Ground Two: In the alternative, an error of mixed fact and law in that the Member failed to find that the evidence did establish that any psychological injury, as contemplated by s 4 of the 1987 Act had resolved

  1. The appellant submits that, if the respondent was injured as alleged, the Member erred by failing to determine that the respondent had recovered from the effects of his injury. The respondent submits that, on the basis of his submissions made in respect of Ground One, the appellant’s ground of appeal is not made out. The respondent further submits that, even if it were made out, the appellant would not enjoy any relief because, in the context of a claim pursuant to s 66 of the 1987 Act and absent a claim for weekly payments, a conclusion reached that the respondent had recovered from the injury was irrelevant.

  2. I have reviewed the transcript of proceedings before the Member and it is not readily apparent that a submission that the respondent had recovered from the effects of any injury was made to the Member. Extrapolating from the transcript of proceedings, the submissions that could potentially be considered relevant to such submissions were as follows:

    (a)    In relation to a document (Fitness to Drive Medical Assessment) signed by the respondent on 7 January 2021,

    “It’s signed by the [respondent] … on 7 January 2021. There’s only two conclusions, we say, that can properly be drawn from that document. One, the [respondent] does not experience the psychological condition of which he complains or, two, knowing he has that condition, he has, for reasons only known to himself, deliberately concealed it for his own self-gain in renewing his licence.

    My friend says the social media material including at page 12 of the [Application to Admit Late Documents] does not take things any further. Again it is a part of the jigsaw in the sense that it shows the [respondent] out and about and, indeed, socialising as at 4 January 2022 which pales in comparison to his reported restrictions to Dr Takyar where he says that he needs prompting to be bathed and has difficulty around the home”[67], and

    (b)    “I can’t find the reference but at one stage when confronted with the opinion of Dr George that, well, the diagnosed condition ought to resolve relatively quickly when removed from the work environment acknowledges as much and suggests, well, perhaps an alternative diagnosis is possible.”[68]

    [67] Transcript of Proceedings, (T), T 44.6–22.

    [68] T 46.24–29.

  3. None of those submissions squarely raises an argument that if the respondent did suffer a psychiatric injury, he had at some stage recovered from the effects of the injury. The legal position with respect to raising an argument on appeal in circumstances where that argument was not squarely raised below was summarised by McColl JA (Ward JA and Tobias AJA agreeing) in Mamo v Surace:[69]

    “A party is bound by the conduct of his or her case. It has long been the law that, except in the most exceptional circumstances, it would be contrary to all principle to allow a party, after a case had been decided against him or her, to raise on appeal (even one by way of rehearing) a new argument which, whether deliberately or by inadvertence, he or she failed to put during the hearing when there was an opportunity to do so.”[70]
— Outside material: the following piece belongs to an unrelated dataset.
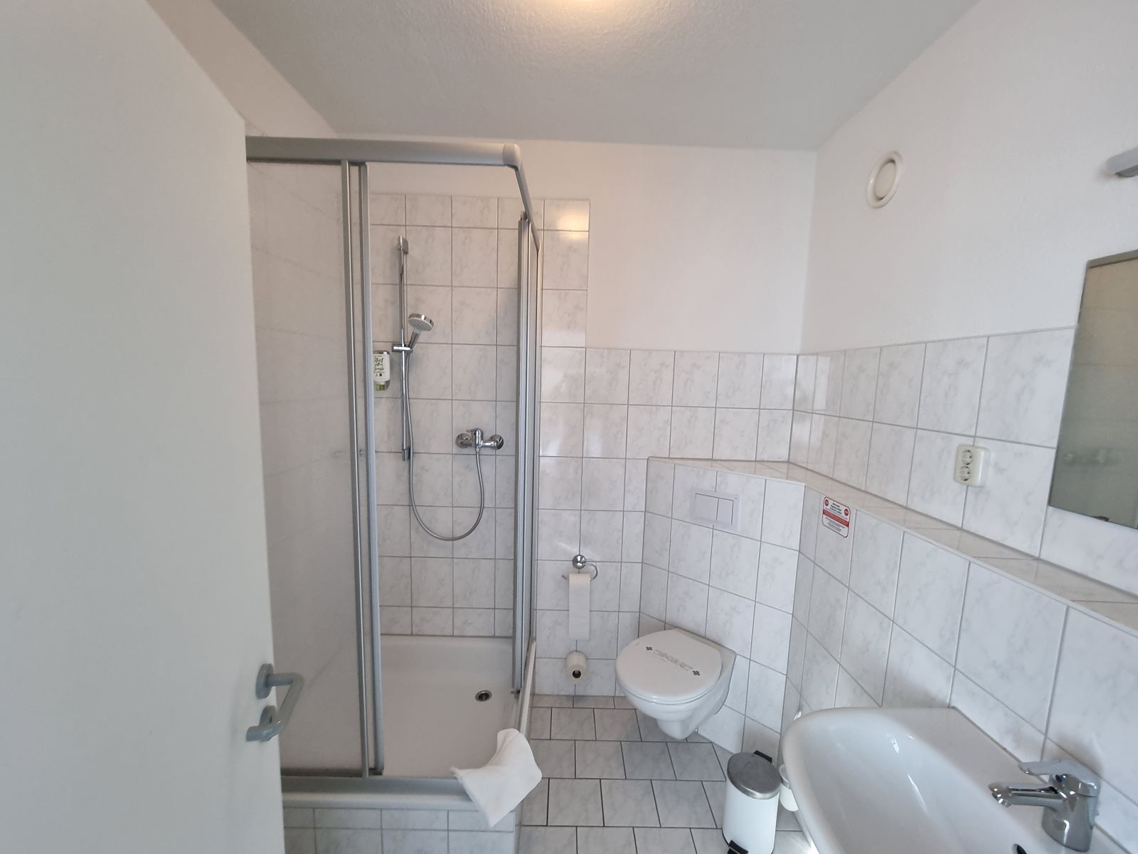 2er Zimmer für mich alleine, recht groß und großes Bad mit Dusche, WC und Waschbecken, inkl. Duschzeug und Seife und große und kleine Handtücher, kein Fön.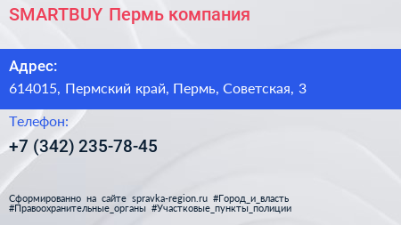 SMARTBUY Пермь, компания по адресу 614015, Пермский край, Пермь, Советская, 3 в дальнейшем Организация, размещена в следующих категориях:

    [69] [2014] NSWCA 58 (Mamo).

    [70] Mamo, [75].

  4. The Member cannot be seen to have fallen into error in circumstances where the argument that the respondent had recovered from the effects of the injury now put forward by the appellant was not the subject of submissions at arbitration.[71] In any event, the respondent’s claim was limited to a claim in respect of his whole person impairment. In those circumstances, the Member’s task was to determine the questions of whether the respondent suffered the injury (s 4()), whether the respondent’s employment was the main contributing factor to the injury (s 4(b) and whether the respondent was precluded from recovering compensation because of the application of s 11A of the 1987 Act. Once those “liability” issues were determined, the Member was required to refer the dispute in respect of the respondent’s whole person impairment to the medical assessor.[72] It follows that Ground Two of the appeal fails.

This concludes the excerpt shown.